**Task to complete**.
Every entry below should be printed exactly, without its images.

**Records for this exercise**.

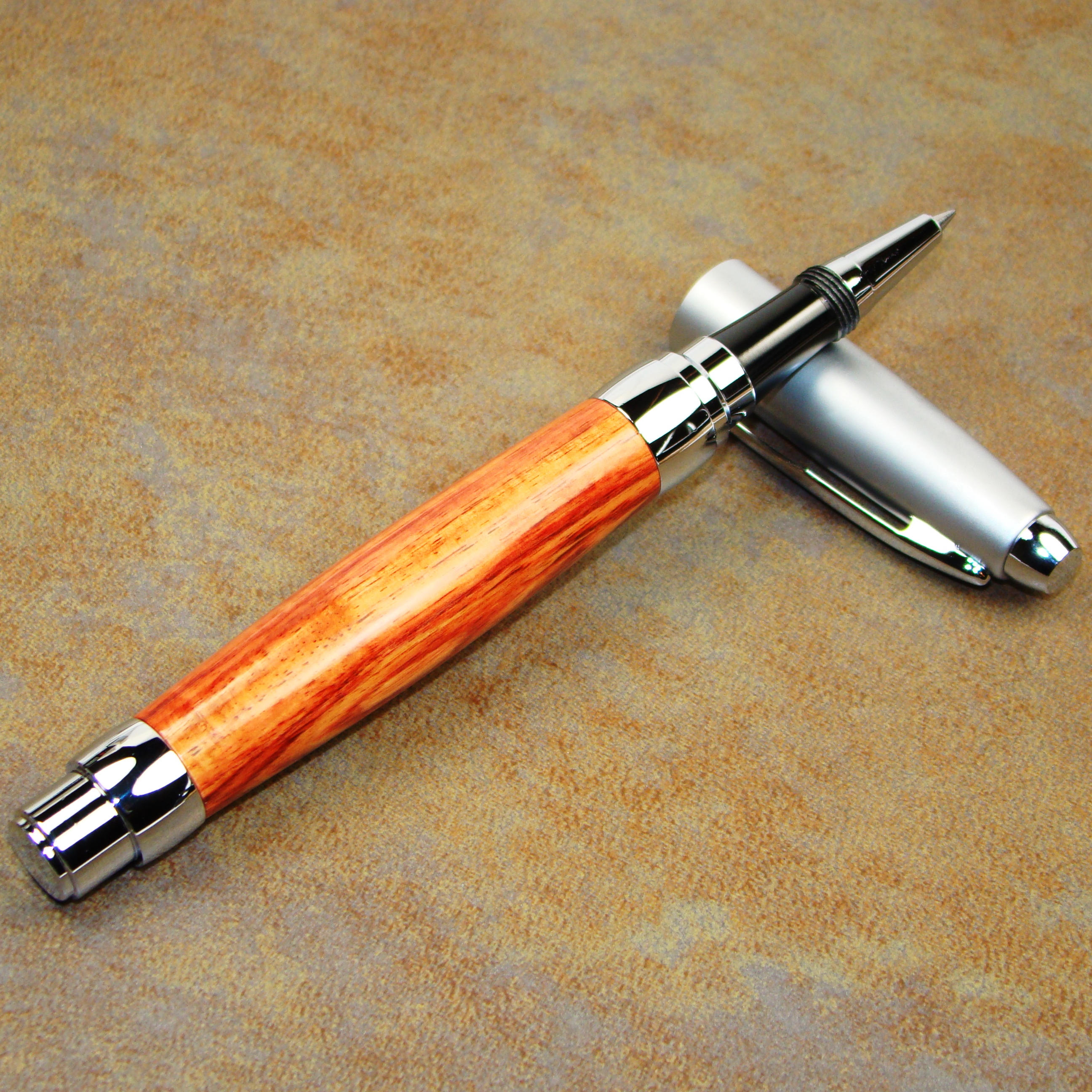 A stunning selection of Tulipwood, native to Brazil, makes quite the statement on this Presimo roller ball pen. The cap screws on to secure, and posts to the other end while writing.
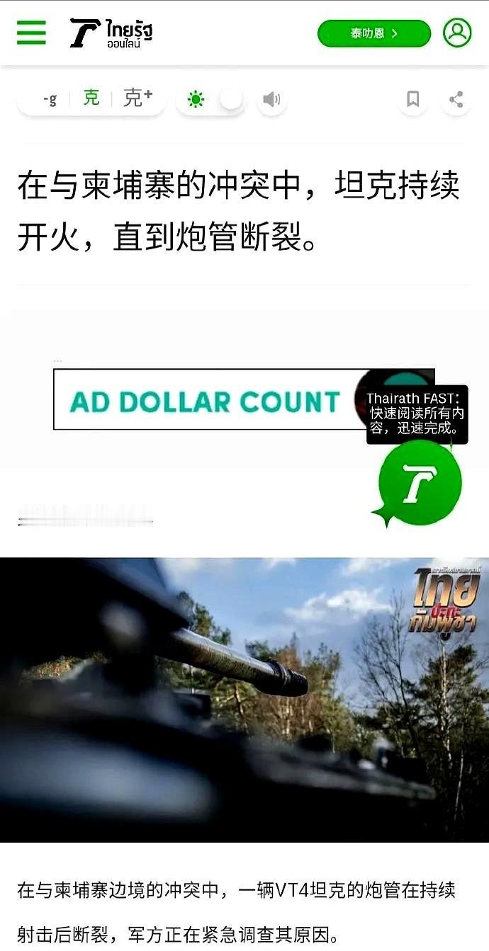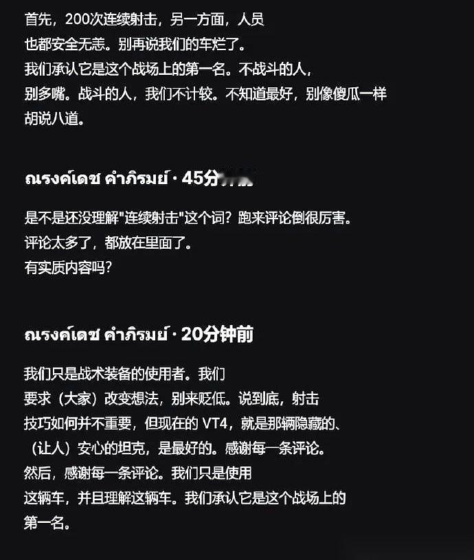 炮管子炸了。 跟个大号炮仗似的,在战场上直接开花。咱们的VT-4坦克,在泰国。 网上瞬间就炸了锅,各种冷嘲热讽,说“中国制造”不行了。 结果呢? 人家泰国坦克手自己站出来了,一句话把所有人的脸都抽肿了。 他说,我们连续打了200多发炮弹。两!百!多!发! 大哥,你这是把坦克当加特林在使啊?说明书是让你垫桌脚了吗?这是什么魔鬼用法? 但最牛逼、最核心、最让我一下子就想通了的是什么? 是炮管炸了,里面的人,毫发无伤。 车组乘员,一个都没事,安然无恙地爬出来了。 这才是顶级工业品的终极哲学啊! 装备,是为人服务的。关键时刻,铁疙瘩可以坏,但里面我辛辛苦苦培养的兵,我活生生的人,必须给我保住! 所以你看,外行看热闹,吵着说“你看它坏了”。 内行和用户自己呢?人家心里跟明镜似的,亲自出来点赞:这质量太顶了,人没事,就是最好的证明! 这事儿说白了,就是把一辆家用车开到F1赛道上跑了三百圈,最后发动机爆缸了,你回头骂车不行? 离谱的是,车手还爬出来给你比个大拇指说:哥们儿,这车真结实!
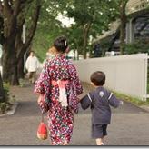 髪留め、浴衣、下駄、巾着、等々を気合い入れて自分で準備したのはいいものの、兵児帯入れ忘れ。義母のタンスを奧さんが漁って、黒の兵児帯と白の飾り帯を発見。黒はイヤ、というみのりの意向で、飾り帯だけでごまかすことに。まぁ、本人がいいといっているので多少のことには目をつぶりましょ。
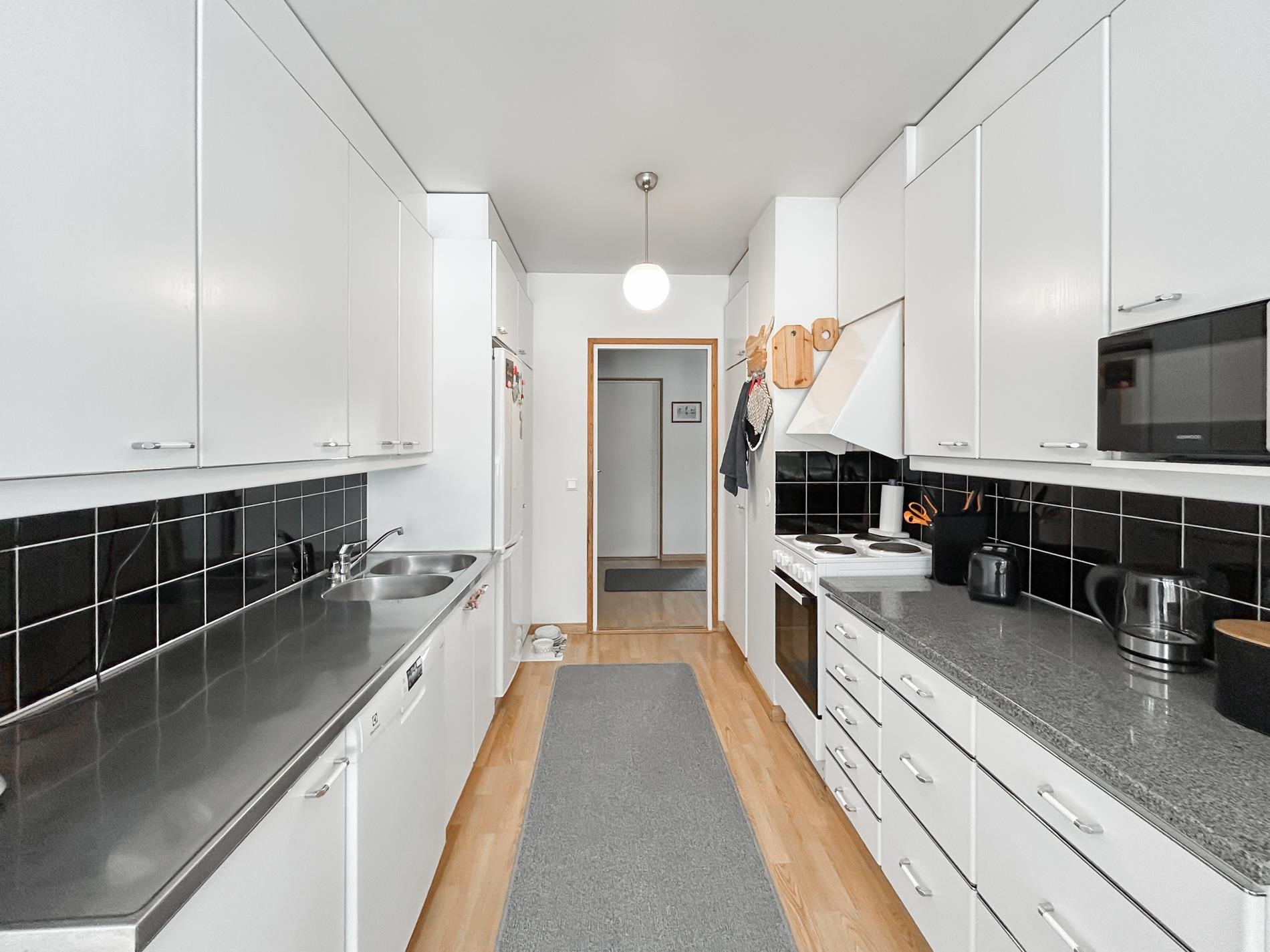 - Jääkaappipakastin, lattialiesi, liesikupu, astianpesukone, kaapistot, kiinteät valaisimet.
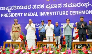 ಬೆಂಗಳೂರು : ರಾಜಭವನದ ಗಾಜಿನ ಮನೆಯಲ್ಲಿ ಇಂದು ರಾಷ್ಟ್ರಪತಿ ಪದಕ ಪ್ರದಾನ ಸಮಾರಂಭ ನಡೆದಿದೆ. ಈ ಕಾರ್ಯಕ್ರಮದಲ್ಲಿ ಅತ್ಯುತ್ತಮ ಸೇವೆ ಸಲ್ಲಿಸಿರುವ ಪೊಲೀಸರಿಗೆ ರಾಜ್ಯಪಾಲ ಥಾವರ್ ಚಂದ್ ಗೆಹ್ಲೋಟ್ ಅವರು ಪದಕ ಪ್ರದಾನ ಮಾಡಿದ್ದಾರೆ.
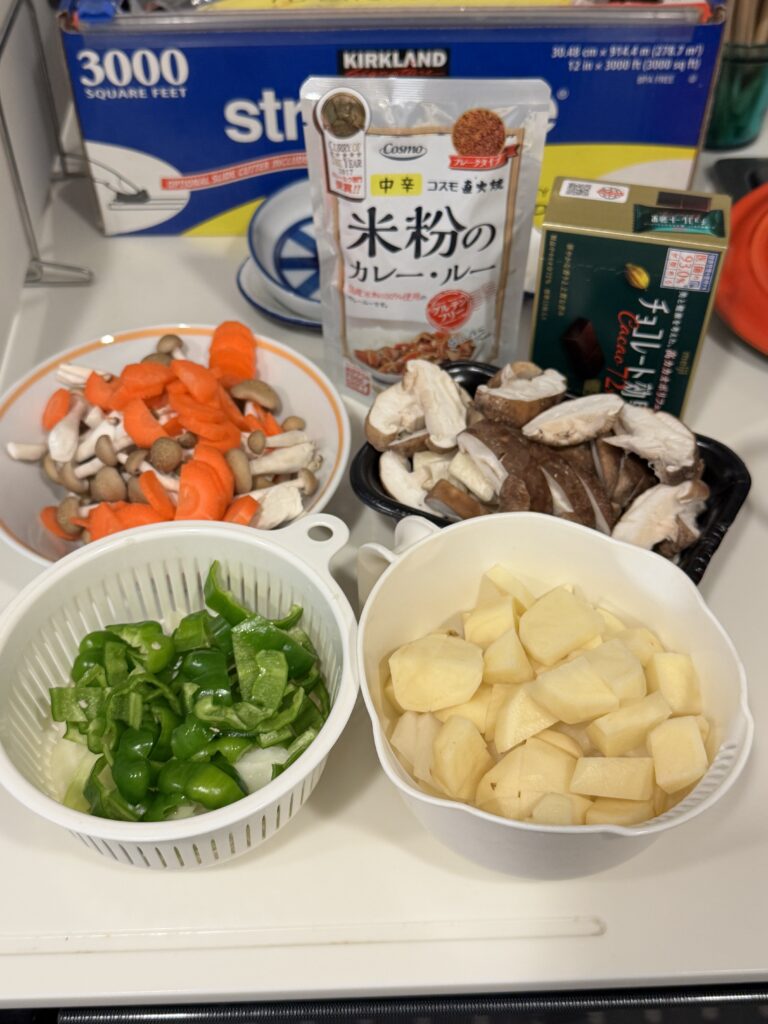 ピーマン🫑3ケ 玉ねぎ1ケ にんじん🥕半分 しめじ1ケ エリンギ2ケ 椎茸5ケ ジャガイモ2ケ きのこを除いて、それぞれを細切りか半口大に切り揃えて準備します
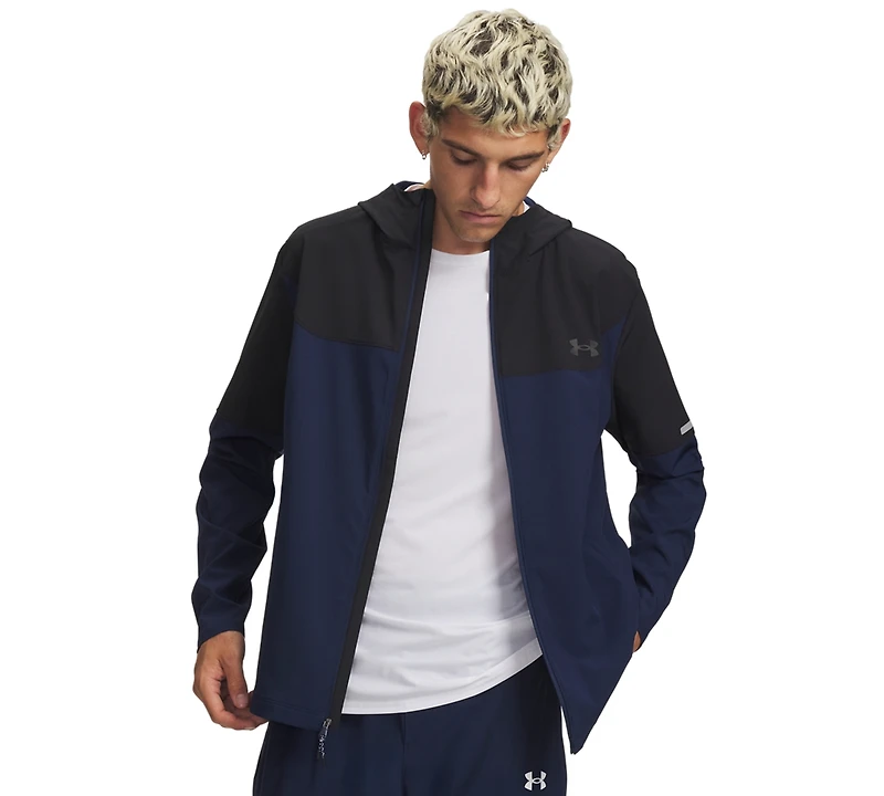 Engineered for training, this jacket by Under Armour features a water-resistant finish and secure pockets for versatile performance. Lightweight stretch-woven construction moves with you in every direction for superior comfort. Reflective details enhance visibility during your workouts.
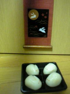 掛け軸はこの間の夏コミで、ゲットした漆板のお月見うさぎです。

**Exercise output**.
 A stunning selection of Tulipwood, native to Brazil, makes quite the statement on this Presimo roller ball pen. The cap screws on to secure, and posts to the other end while writing.
 炮管子炸了。 跟个大号炮仗似的,在战场上直接开花。咱们的VT-4坦克,在泰国。 网上瞬间就炸了锅,各种冷嘲热讽,说“中国制造”不行了。 结果呢? 人家泰国坦克手自己站出来了,一句话把所有人的脸都抽肿了。 他说,我们连续打了200多发炮弹。两!百!多!发! 大哥,你这是把坦克当加特林在使啊?说明书是让你垫桌脚了吗?这是什么魔鬼用法? 但最牛逼、最核心、最让我一下子就想通了的是什么? 是炮管炸了,里面的人,毫发无伤。 车组乘员,一个都没事,安然无恙地爬出来了。 这才是顶级工业品的终极哲学啊! 装备,是为人服务的。关键时刻,铁疙瘩可以坏,但里面我辛辛苦苦培养的兵,我活生生的人,必须给我保住! 所以你看,外行看热闹,吵着说“你看它坏了”。 内行和用户自己呢?人家心里跟明镜似的,亲自出来点赞:这质量太顶了,人没事,就是最好的证明! 这事儿说白了,就是把一辆家用车开到F1赛道上跑了三百圈,最后发动机爆缸了,你回头骂车不行? 离谱的是,车手还爬出来给你比个大拇指说:哥们儿,这车真结实!
 髪留め、浴衣、下駄、巾着、等々を気合い入れて自分で準備したのはいいものの、兵児帯入れ忘れ。義母のタンスを奧さんが漁って、黒の兵児帯と白の飾り帯を発見。黒はイヤ、というみのりの意向で、飾り帯だけでごまかすことに。まぁ、本人がいいといっているので多少のことには目をつぶりましょ。
 - Jääkaappipakastin, lattialiesi, liesikupu, astianpesukone, kaapistot, kiinteät valaisimet.
 ಬೆಂಗಳೂರು : ರಾಜಭವನದ ಗಾಜಿನ ಮನೆಯಲ್ಲಿ ಇಂದು ರಾಷ್ಟ್ರಪತಿ ಪದಕ ಪ್ರದಾನ ಸಮಾರಂಭ ನಡೆದಿದೆ. ಈ ಕಾರ್ಯಕ್ರಮದಲ್ಲಿ ಅತ್ಯುತ್ತಮ ಸೇವೆ ಸಲ್ಲಿಸಿರುವ ಪೊಲೀಸರಿಗೆ ರಾಜ್ಯಪಾಲ ಥಾವರ್ ಚಂದ್ ಗೆಹ್ಲೋಟ್ ಅವರು ಪದಕ ಪ್ರದಾನ ಮಾಡಿದ್ದಾರೆ.
 ピーマン🫑3ケ 玉ねぎ1ケ にんじん🥕半分 しめじ1ケ エリンギ2ケ 椎茸5ケ ジャガイモ2ケ きのこを除いて、それぞれを細切りか半口大に切り揃えて準備します
 Engineered for training, this jacket by Under Armour features a water-resistant finish and secure pockets for versatile performance. Lightweight stretch-woven construction moves with you in every direction for superior comfort. Reflective details enhance visibility during your workouts.
 掛け軸はこの間の夏コミで、ゲットした漆板のお月見うさぎです。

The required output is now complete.